España La última noche que Jésica pasó con Ábalos tuvo lugar en la residencia oficial conocida bajo el código «España»: ahora ambos están convocados nuevamente en el TS
Jésica Rodríguez, antigua pareja de José Luis Ábalos, declarará como testigo fundamental en el Tribunal Supremo en el juicio relacionado con el caso Mascarillas.
La investigación pone de manifiesto que Jésica habitó en un apartamento de lujo financiado por allegados del empresario Víctor de Aldama, presentándose esto como una contraprestación vinculada a contratos públicos.
Jésica fue empleada en empresas públicas adscritas al Ministerio de Transportes sin cumplir funciones reales, circunstancia que la Fiscalía interpreta como un favor otorgado por Ábalos.
La Fiscalía reclama 24 años de cárcel para Ábalos por cargos de organización criminal, cohecho, tráfico de influencias, malversación y uso de información privilegiada.
El 10 de julio de 2021 José Luis Ábalos fue destituido por Pedro Sánchez como ministro de Transportes.
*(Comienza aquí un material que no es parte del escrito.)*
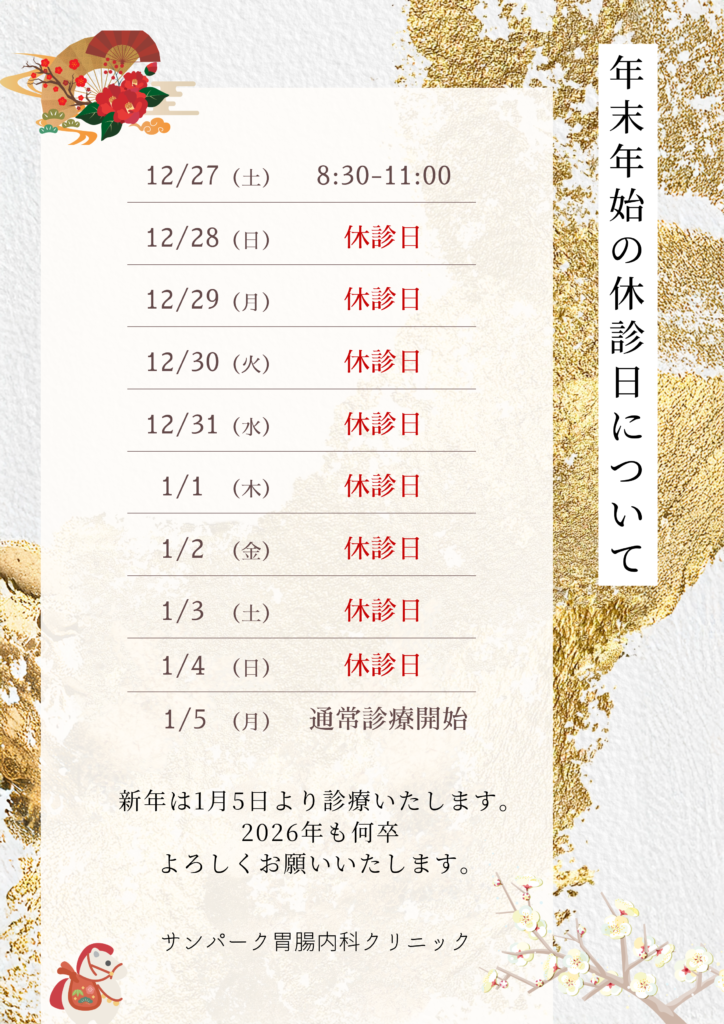 年末 令和7年12月27日(土) 11:00まで(最終受付10:30)

Aquella noche, el hasta entonces hombre cercano al presidente del Gobierno, estuvo junto a Jésica Rodríguez en su vivienda oficial en el barrio madrileño de El Viso.
Así se desprende de los mensajes localizados en los dispositivos de Koldo García, a los que EL ESPAÑOL tuvo acceso en exclusiva. «Vendrá ‘España’, está en un buen momento», escribió el exministro a su asesor.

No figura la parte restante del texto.